There are many things i need to boot windows. A browser who displays all sites they should bedisplayed so i can use them correctly. (haiku forum). Grafic apps who makes it possible to reduce colors of an image to a minimum. Office, video editing, music editing, gaming, mass of documentations…

I not really have any need to boot haiku. Only to make tutorials for haiku and scripting in yab. Only my hobbies now.

I have Haiku running on my secondary PC on my desk. For light web browsing, SSHing into hosts and email it’s fine.

If ever I need to do something a little more 'complex" I’ll use rdesktop or VNC client to log into another machine.

All Haiku needs is a decent (ish) office suite, which I’m hoping will come along with the QT5 port that’s being worked on by @3dEyes, and I won’t need to remote into my Windows machine ever again!

(I tried Linux several times, KDE, Gnome, etc, but it’s still nowhere near complete!)

I am planning on using Haiku for software development. I always found it a cute OS and I’d like to find some machine to run it natively on (I am now but I’d like to get a dedicated machine for it).

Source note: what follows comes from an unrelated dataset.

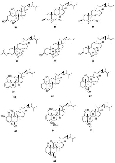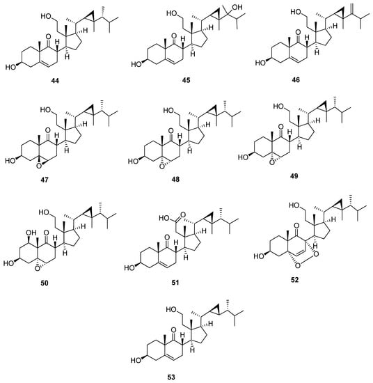 9,11-Secogorgostane is characterized by the opening of ring C at C-9 and C-11. It is characterized by the presence of a ketone carbonyl carbon at C-9 and a primary alcohol group at C-11 (Figure 6 and Table 7). In 13C-NMR, C-9 and C-11 of 3β,11-dihydroxy-9,11-secogorgost-5-en-9-one (44) showed characteristic signals at 217.4 and 60.0 ppm, respectively. The chemical shifts of C-9 and C-11 of 9,11-secogorgostane consequently changed according to substitutions. Compounds 3β,11-dihydroxy-9,11-secogorgost-5-en-9-one (44), 3β,11,24-trihydroxy-9,11-secogorgost-5-en-9-one (45), and ameristerol A (46) [33,34,35] have the same structure and substitutions with a double bond between C-5 and C-6 except for the second compound containing a hydroxyl group at C-24 with a chemical shift of 74.5 ppm and the latter compound containing an additional double bond between C-24 and C-28 with a characteristic chemical shift of 161.4 and 105.3 ppm, respectively. Compounds 3β, 11-dihydroxy-5β, 6β-epoxy-9,11-secogorgostan-9-one (47), and 5α,6α-epoxy-3β,11-dihydroxy-9,11-secogorgostan-9-one (48) [36,37] are similar, except the first compound has a 5β, 6β-epoxy group at C-5 and C-6, and the others a 5α, 6α-epoxy group with a chemical shift of 65.4, 58.2 ppm and 60.9, 60.0 ppm, respectively. 3β,7β,11-trihydroxy-5α,6α -epoxy-9,11-secogorgostan-9-one (49) and 5α,6α-epoxy-1β,3β,11-trihydroxy-9,11-secogorgostan-9-one (50) [9,37] have the 5β, 6β-epoxy groups but with different substitutions in C-7 and C-1 with chemical shifts of 67.0 and 69.9 ppm, respectively, which affect the chemical shift of the neighboring carbons. Klyflaccisteroid F (51) [13] is a 9,11-secogorgost-5-ene skeleton containing a carboxyl group at C-11 with a chemical shift of 174.4 ppm. On the other hand, klyflaccisteroid K (52) [38] is a 5α,8α-epidioxy-9, 11-secogorgostane containing a double bond between C-6 and C-7 with a chemical shift of 141.2 and 130.2 ppm, respectively. Moreover, the chemical shift of C-3 is more upfield (65.9 ppm) than other 9, 11-secogorgostanes due to the presence of a 5α,8α-epidioxy group in this compound. Leptosterol C (53) [39] is a 9, 11-secogorgost-5-ene structure with a 23-demethyl side chain containing 29 carbons. Moreover, the chemical shift of C-24 is more upfield (44.8 ppm) than other 9, 11-secogorgostanes due to the absence of C-23 on the side chain cyclopropane moiety.

I like the distraction-free approach of the design of the desktop environment.

[quote=“diskette, post:13, topic:5656, full:true”]
…I’d like to find some machine to run it natively on (I am now but I’d like to get a dedicated machine for it).[/quote]

Take a look here:

http://www.besly.de/menu/search/archiv/artikel/chaotic_hardwaretests.html
http://www.besly.de/menu/search/archiv/misc/haiku-hardware_compatibility_list.html

This is right, but not a part of the Haiku team itself. This is a work by 3rd party programmers. I hope so long to get a working office suit in Haiku.

QT5 works perfectly already. I have several apps in my repo that require it. 3deyes is working on making it look more Haiku-ish, I believe.

That I didn’t know! Thank you!

Do you know if QT Creator works fine in Haiku? I’d say one of the main disadvantages of the OS right now is the lack of an IDE with an integrated debugger.

It launches, but I am not a QT developer, so I don’t know how well it runs.

Hm, that’s a start; where can I get it from?

Hello. Just need to install the Qt5 (development files) package from HaikuDepot. After that, you will se a Qt sub-folder in the Applications menu.